Yeah... will need a base malt. What you have there is some mead with some steeping grains. That will give it some malt/caramel flavour and some colour but won't give it much else.

For a braggot you want around 40-60% of the fermentables to come from grain. Mine are usually 50/50 honey/malt. A good base malt (I like ale malt with maybe some munich as well) plus some caramel malts works really nicely.

I usually do a weak AG brew (1.030 or so) and make up to the full strength (1.060 ish) with honey.

if you are extract brewing then use 50/50 honey and malt extract with some steeping grains as desired.

Cheers
Dave


----------



## Spohaw (5/7/14)

Cheers for the advice Airgear , everyone that tried the braggot liked it ....I even had one person try and buy some ...... obviously I declined , that would be illegal (I had none left anyway)

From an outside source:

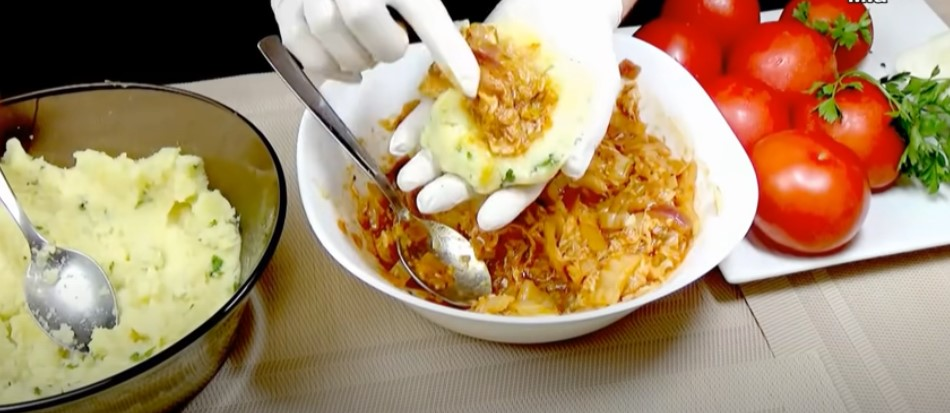 Suformuoti valtį iš bulvių košės ir gulėti kopūstai viduryje.
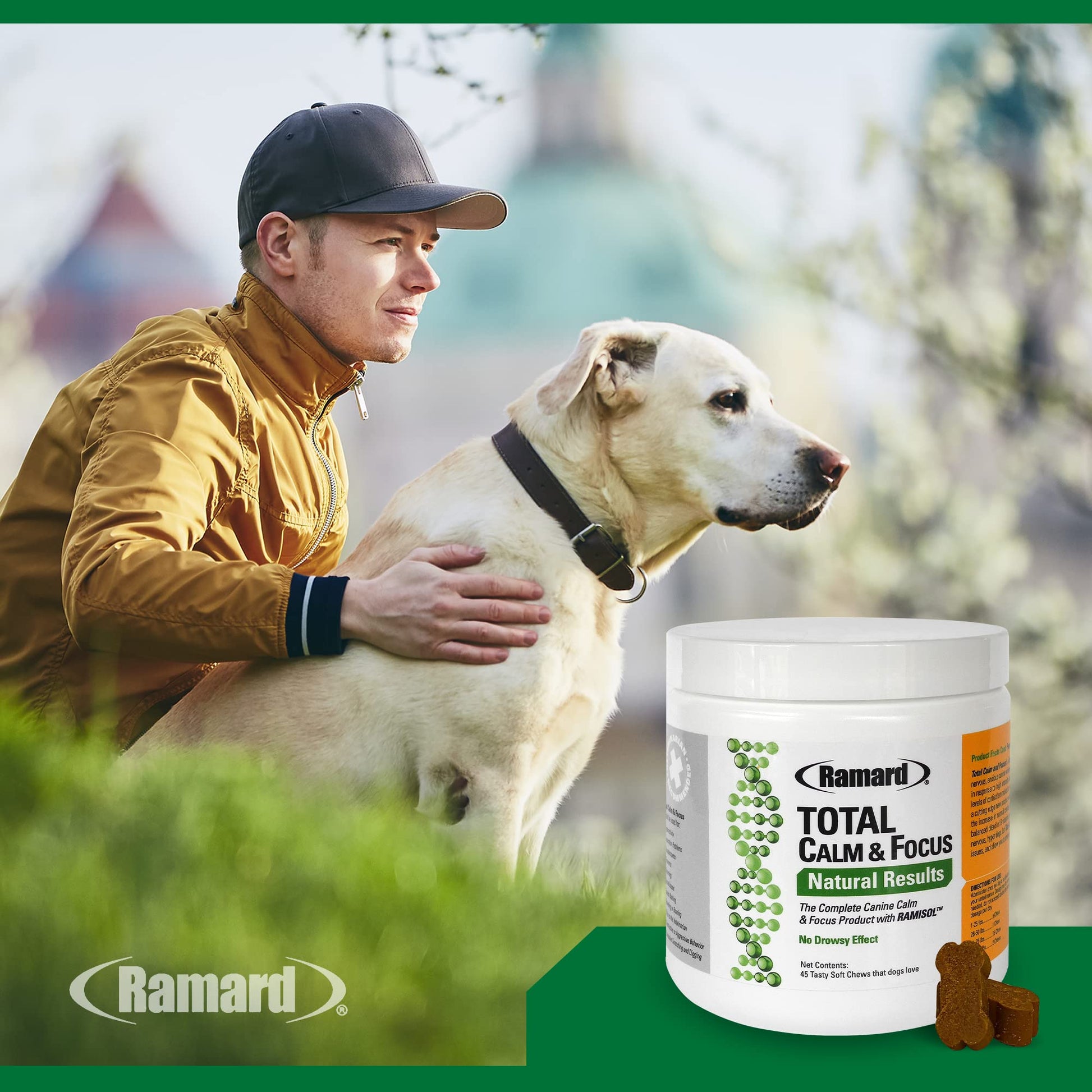 Ramard Total Calm & Focus Dog Treat Supplement - Natural Calming Chews with Magnesium & B-Vitamins - 45 Soft Chews for Canine Calmness During Training, Grooming, and Everyday Enjoyment

Like Airgear said it was basically a mead with some steeping grains and hops ..... this time I wanted to try and get it in the middle so it could be described as either a mead with grains or a beer with honey and still be accurate

I tried to do make it so it was roughly 2kg grains and 2 kg honey with sugars

Was a small batch again ,16ltrs , and I made it a little bit weaker this time , I took my time getting this one down to an acceptable pitching temp (around 25, I think) , I had to go to work for 4hrs so I just left the pot in the sink full of cold water and put the lid on

I pressed the option for No Chill Adjusted for this recipe because as far as I can work out no chill is when it takes a while for the wort to chill to pitching temp compared with chilling to correct temp in just a few minutes

here is the recipe .... its for a 15 liter brew

2nd Try Braggot (Braggot)

Original Gravity (OG): 1.075 (°P): 18.2
Final Gravity (FG): 1.007 (°P): 1.8
Alcohol (ABV): 8.88 %
Colour (SRM): 12.3 (EBC): 24.3
Bitterness (IBU): 18.8 (Average - No Chill Adjusted)

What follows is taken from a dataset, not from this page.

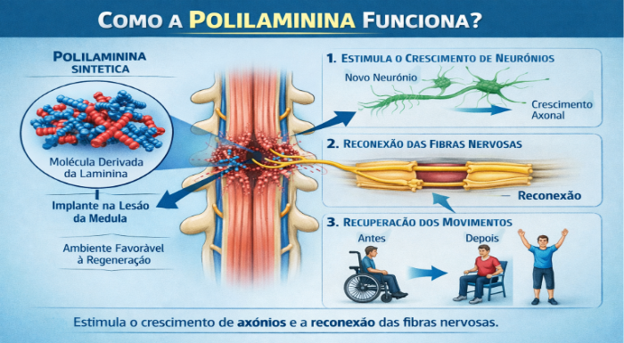 Brasil 11 de março de 2026, Polilaminina é uma molécula sintética desenvolvida por pesquisadores da Universidade Federal do Rio de Janeiro (UFRJ) e investigada como possível terapia para estimular a regeneração de neurônios após lesões na medula espinhal. A substância ganhou grande repercussão nas redes sociais e na mídia entre 2025 e 2026, com promessas de que poderia ajudar na recuperação de pacientes com paraplegia ou tetraplegia.

29.34% Honey .............. 1.2kg
25.23% Pale Ale Malt .......1.032kg
16.33% Caramel Light Malt...........668gm
9.78% Cane Sugar...........400gm
11.98% Dextrose.............490gm
7.33% Crystal 60...........300gm

2.3 g/L (35gm) Saaz (3.3% Alpha) @ 60 Minutes (Boil)

0.1 g/L Yeast Nutrient @ 10 Minutes (Boil) half a teaspoon
0.0 g/L Whirlfloc Tablet @ 5 Minutes (Boil) half a tablet

Step Infusion at 66°C for First step 90 Minutes , Second step at 70°C for 30 Mintues (like a long batch sparge) . Boil for 60 Minutes

Fermented with US-05 yeast

Notes: FG 1086 @ 28-30 deg c , watered down with another liter to get 1.072 at 30 deg c
pitched yeast 22nd june


Recipe Generated with BrewMate

I hope it tastes as nice as the last one ............ill leave it for another 2 weeks and then ill bottle it

Cheers  Spohaw


----------



## Spohaw (21/7/14)

Checked SG today and it came up as 1.003 at 15 degs c

Just need to get some bottles now

Cheers  Spohaw


----------



## NickyJ (7/10/14)

How long are you ageing your braggot for? How'd the 2nd attempt turn out? I'm bottling my first attempt tomorrow, I'll be sure you post the results (and recipe) here if it's halfway decent. Planning to age it for at least 2 months though.


----------



## Dunkelbrau (27/10/14)

I'm curious as to why you are adding dex and table sugar? 

The honey is 95% fermentable, just up the honey to get it to the required gravity.


----------



## Spohaw (1/1/15)

Nicky j .... The second run didn't turn out as good as the first one IMO , flavour wasn't as great and had a slight alc warmth to it but that smoothed out with aging 
I ended up kegging this one because it was easier , I sampled it from 1 week in the keg until it finished 2 months later and the Braggot definitely become easier drinking after about the 6 week mark


----------



## Spohaw (1/1/15)

Dunkel .. Read some where that adding sugar increases drinkability and also wanted the ABV to be higher without adding more honey or malts


----------



## NickyJ (3/1/15)

My first attempt was a failure, I must have fucked up my IBU calculation because it was bitter as hell. I kept a few bottles to see how it would age and the honey character definitely improved into something fantastic after a couple of months if I was to ignore the bitterness. It was also lacking in body and head.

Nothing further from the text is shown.